Die Ausgangslage
Die Einstellung in Firefox ‘Start: Vorherige Fenster und Tabs öffnen’ ist mein persönlicher Untergang. Wenngleich es mir zu Anfang sehr praktisch vorkam, über Rechner-Neustarts hinweg mit der immergleichen Browser-Sitzung weiterzumachen, so zeigt sich, dass die Anzahl der Tabs bei meiner normalen Nutzung einfach nur permanent steigt.
Da sind die tollen, neuen FLOSS-Projekte, welche ich mir unbedingt einmal anschauen will, News-Artikel, die mich interessieren, Websites welche ich für ein bestehendes Projekt unbedingt benötige. Und meist – wenn ich diese Seiten finde – nicht die Zeit oder Lust vorhanden, sie direkt zu konsumieren.
Ein Versuch der Verbesserung war das konsequente Anlegen von Lesezeichen, sowie das Starten mit leerer Browser-Sitzung. Dies führte zu sehr vielen Lesezeichen, welche doch nie gelesen wurden was letztendlich in Unzufriedenheit endete.

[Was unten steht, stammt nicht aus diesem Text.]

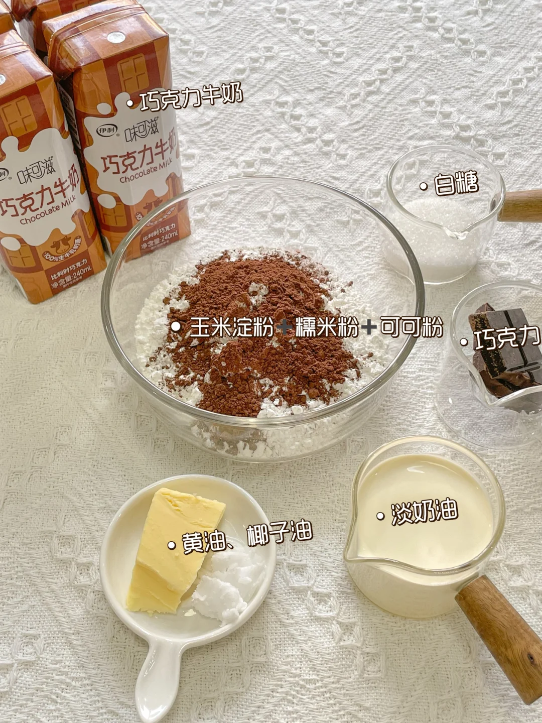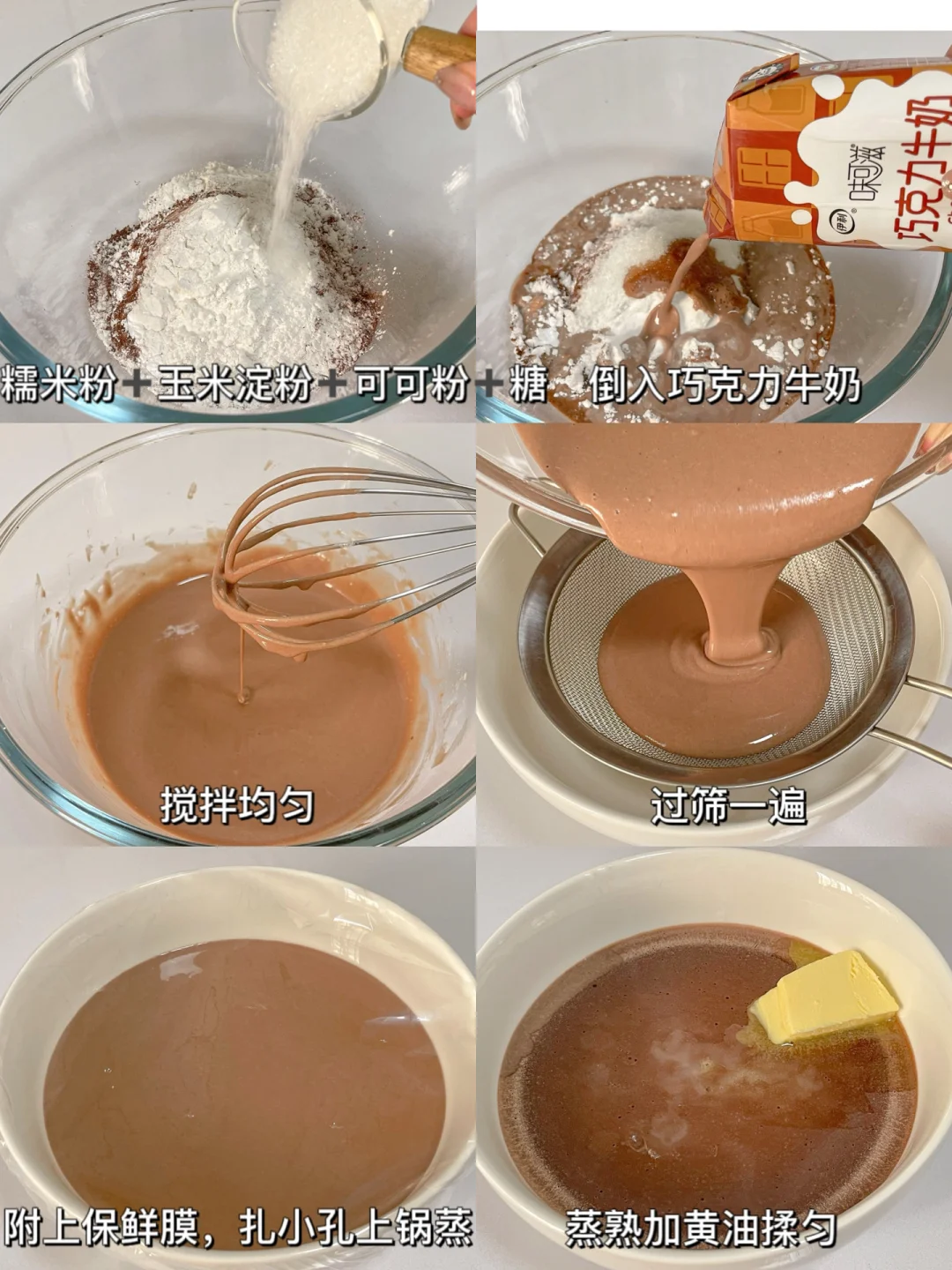 1⃣️糯米粉+玉米淀粉+可可粉+糖+巧克力牛奶搅拌均匀,过筛一遍,附上保鲜膜,扎几个小孔,上锅蒸20分钟,蒸熟后加黄油揉匀反复拉扯更Q弹,揉成光滑面团。
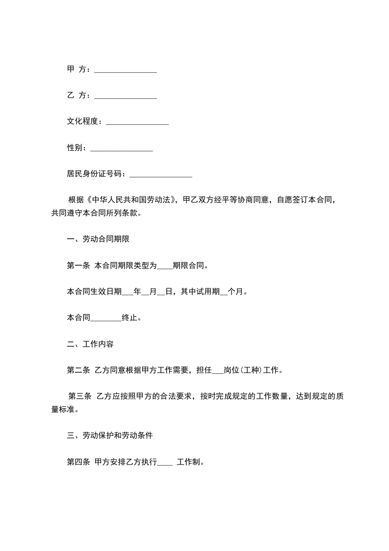 第一条 本合同期限类型为____期限合同。

Der letztendliche Durchbruch kam mit der Einführung einer "read-it-later-Lösung", mit der ich jetzt sehr gut fahre.
Wallabag
Wallabag ist eine selbst hostbare Server-Software, die – gibt man ihr eine URL – dieser folgt, die Webseite herunterläd und für die spätere Nutzung sehr komfortabel bereithält. Für die Bedienung stehen sehr viele Integrationen zur Verfügung, so unter anderem für Firefox, Android und sogar meinen Ebook-Reader (ein PocketBook – Achtung, für die neuste Firmware wird dieser build benötigt). Auch das Webinterface selbst kann zum Lesen verwendet werden.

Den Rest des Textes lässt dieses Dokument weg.